In the code above, I have multiple steps to get my result, but you have to read what’s going on from the inside out. This can be cumbersome, especially if you need to understand how one function’s output influences the next operation.

7.3.1 Using Pipes

dplyr includes a special operator designed to make code flow and appear more readable.

It’s written as %>%, and you can call it the “pipe” operator.

Our example above can be re-written as:

cats$age %>% 
  sqrt() %>%
  round(3) %>%
  sort()

Instead of being nested within a bunch of commands, you can see read the code as a series of statements: 1. With the ages of all the cats, 2. Take the square-root of these values, then 3. Round the result to the 3rd digit, then 4. Sort the values in ascending order

I encourage you to think of the %>% as short-hand for “then”, when reading code that uses it!
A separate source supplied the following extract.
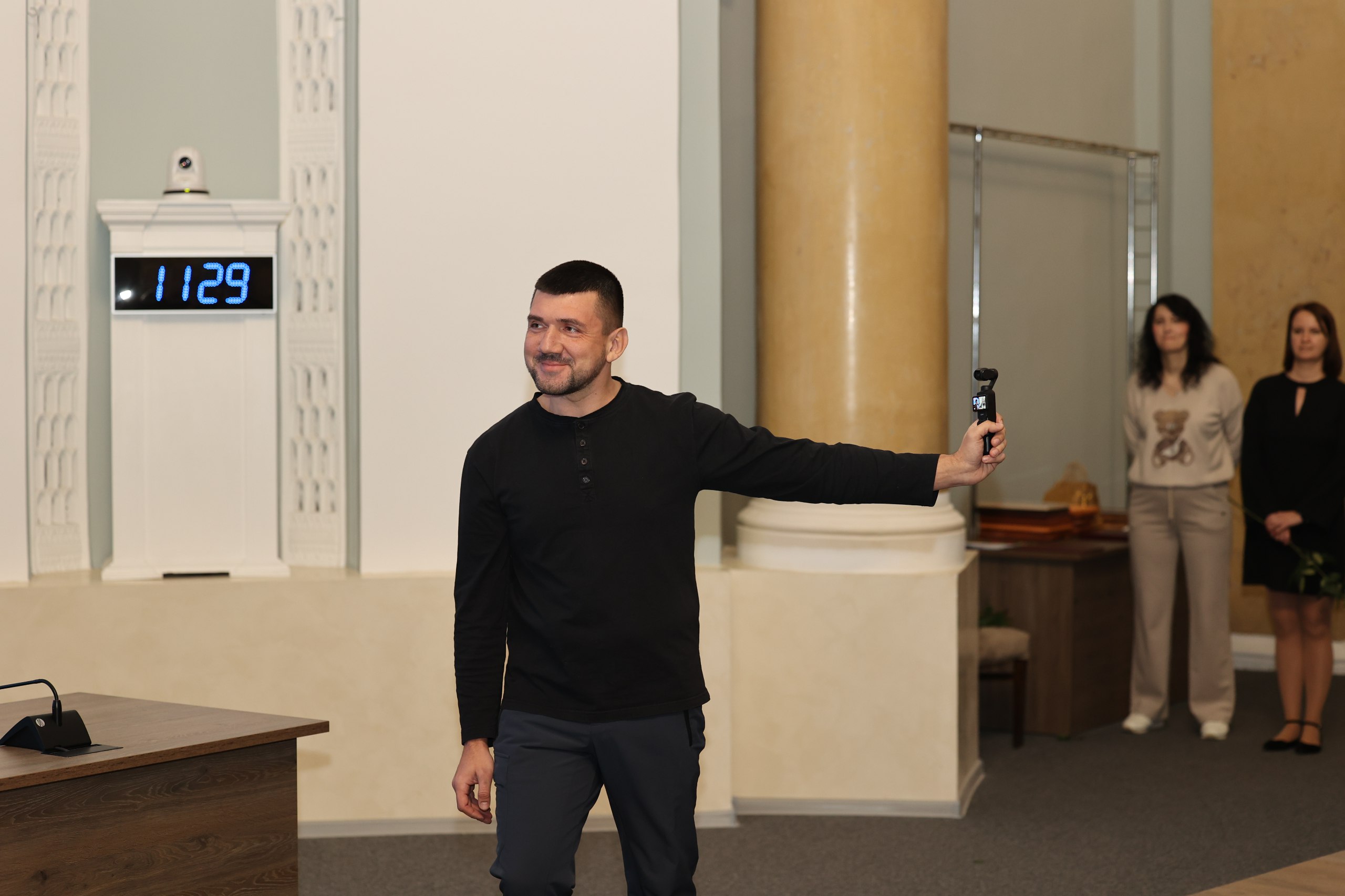 В Большом зале Правительства от имени регионального парламента представителей СМИ поблагодарил зампредседателя облсовета Владимир Богодухов.

“Pipe” operators are found in other languages; they get their name from the idea that your code can be thought of as a “pipeline”.

Let’s look at another example.

round(1.23456789, 3)

We can use a pipe operator to acheive the same thing.

1.23456789 %>% round(3)

The pipe takes care of making sure the output of the expression on the left-hand-side (a simple numeric, in this case) is inserted as the first argument of the expressing on the right-hand-side. We can also pipe into other argument positions by using a period as a placeholder.

3 %>% round(1.23456789, .)

These are contrived examples, and I don’t suggest using pipes for simple operations like rounding. The pipes really become useful when chaining together multiple operations in sequence, as we’ll do with our dplyr functions.